▶ Supplied material
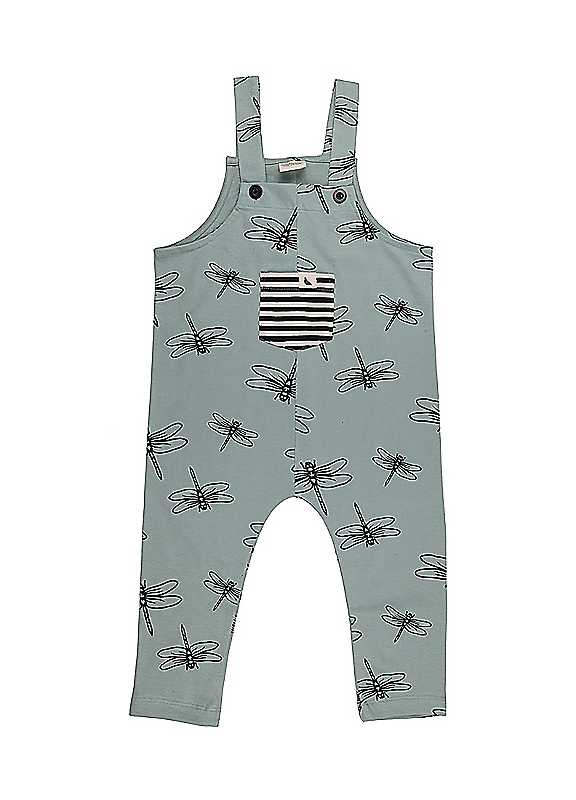 Turtledove London Kids Organic Cotton Blue Damselfly Print Dungarees - Size 1/2YEARS
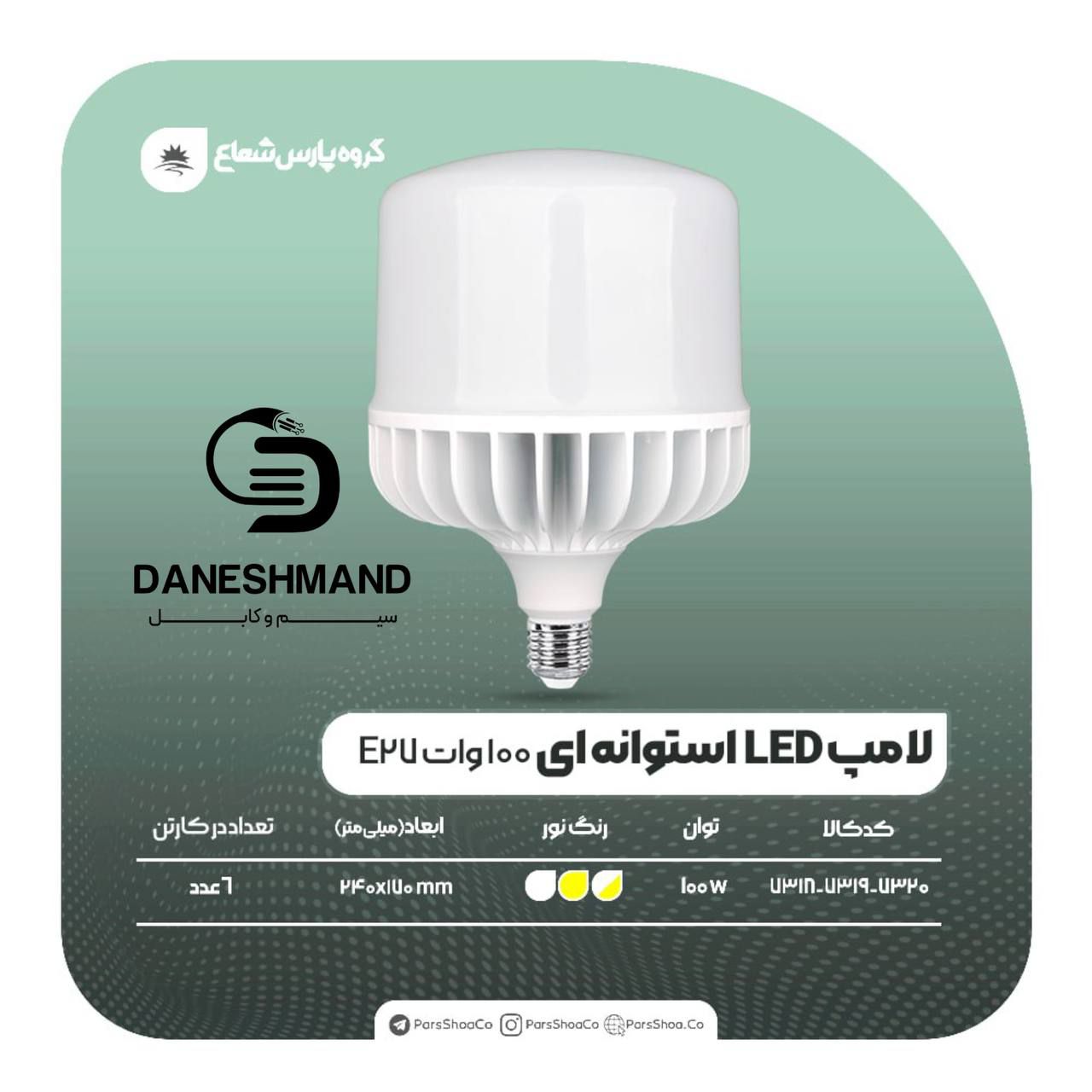لامپ 100 وات استوانه پارس شعاع توس
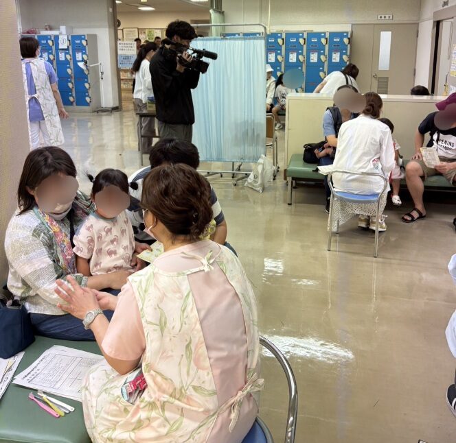 歯磨き指導は模型上で行い、フッ化物塗布は1歳以上小学生以下を対象に行いました。

▶ Task details
The copy must begin with the line containing "لامپ 100 وات استوانه پارس شعاع توس", end with the last line of the material, match each line exactly, and hold no pictures.

▶ Final answer
لامپ 100 وات استوانه پارس شعاع توس
 歯磨き指導は模型上で行い、フッ化物塗布は1歳以上小学生以下を対象に行いました。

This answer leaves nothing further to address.